• Data:
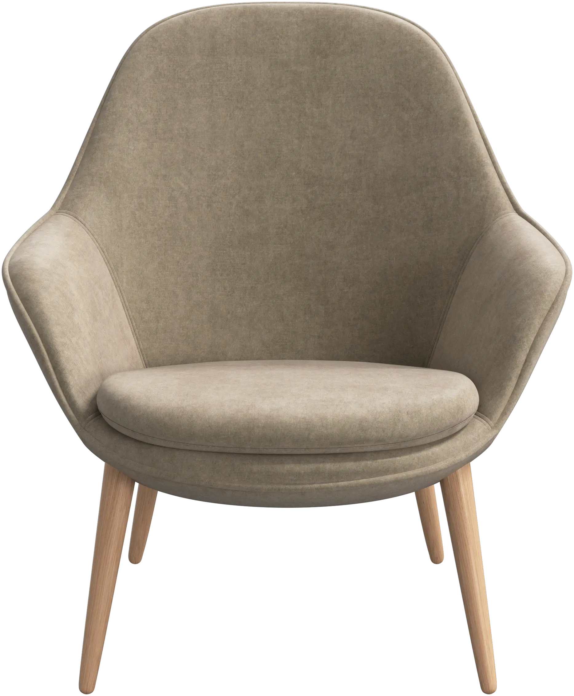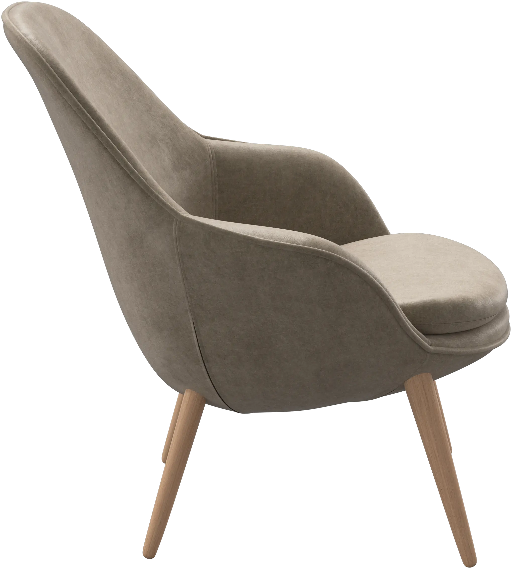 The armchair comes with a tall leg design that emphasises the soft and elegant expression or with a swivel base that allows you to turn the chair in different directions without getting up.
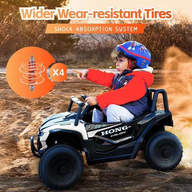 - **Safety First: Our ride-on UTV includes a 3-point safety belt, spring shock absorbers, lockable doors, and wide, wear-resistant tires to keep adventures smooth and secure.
* * *
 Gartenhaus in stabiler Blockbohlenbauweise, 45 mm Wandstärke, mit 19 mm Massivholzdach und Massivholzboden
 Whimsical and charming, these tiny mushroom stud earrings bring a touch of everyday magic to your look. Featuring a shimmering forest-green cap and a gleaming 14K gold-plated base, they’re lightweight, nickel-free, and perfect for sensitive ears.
---
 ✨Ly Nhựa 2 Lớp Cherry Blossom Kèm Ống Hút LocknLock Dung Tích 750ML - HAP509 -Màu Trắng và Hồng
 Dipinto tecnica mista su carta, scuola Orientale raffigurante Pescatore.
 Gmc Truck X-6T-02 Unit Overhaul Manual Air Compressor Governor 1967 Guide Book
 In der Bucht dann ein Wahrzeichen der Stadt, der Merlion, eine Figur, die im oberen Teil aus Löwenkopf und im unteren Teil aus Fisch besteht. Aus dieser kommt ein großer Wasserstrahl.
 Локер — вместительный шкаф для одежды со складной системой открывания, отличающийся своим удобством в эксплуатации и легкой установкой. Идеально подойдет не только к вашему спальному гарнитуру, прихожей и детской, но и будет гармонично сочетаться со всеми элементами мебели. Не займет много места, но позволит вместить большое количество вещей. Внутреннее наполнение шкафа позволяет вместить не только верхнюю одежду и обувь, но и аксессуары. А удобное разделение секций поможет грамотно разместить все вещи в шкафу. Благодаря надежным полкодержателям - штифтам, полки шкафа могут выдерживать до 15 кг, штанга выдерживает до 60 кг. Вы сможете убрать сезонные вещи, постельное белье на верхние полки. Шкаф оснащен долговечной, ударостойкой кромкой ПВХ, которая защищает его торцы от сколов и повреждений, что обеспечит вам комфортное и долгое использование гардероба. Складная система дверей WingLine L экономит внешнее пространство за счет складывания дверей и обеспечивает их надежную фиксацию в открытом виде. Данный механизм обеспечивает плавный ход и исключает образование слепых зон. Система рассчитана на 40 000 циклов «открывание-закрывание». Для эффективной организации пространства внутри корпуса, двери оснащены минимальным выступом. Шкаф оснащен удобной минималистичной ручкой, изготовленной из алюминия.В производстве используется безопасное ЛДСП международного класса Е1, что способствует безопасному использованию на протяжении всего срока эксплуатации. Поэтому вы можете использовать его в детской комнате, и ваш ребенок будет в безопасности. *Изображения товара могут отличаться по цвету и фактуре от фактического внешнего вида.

• What is needed:
Could you return exactly the stretch of the data above that starts at the line with "Trắng và Hồng" and ends at the line with "In der Bucht", both lines included?

• Exercise answer:
 ✨Ly Nhựa 2 Lớp Cherry Blossom Kèm Ống Hút LocknLock Dung Tích 750ML - HAP509 -Màu Trắng và Hồng
 Dipinto tecnica mista su carta, scuola Orientale raffigurante Pescatore.
 Gmc Truck X-6T-02 Unit Overhaul Manual Air Compressor Governor 1967 Guide Book
 In der Bucht dann ein Wahrzeichen der Stadt, der Merlion, eine Figur, die im oberen Teil aus Löwenkopf und im unteren Teil aus Fisch besteht. Aus dieser kommt ein großer Wasserstrahl.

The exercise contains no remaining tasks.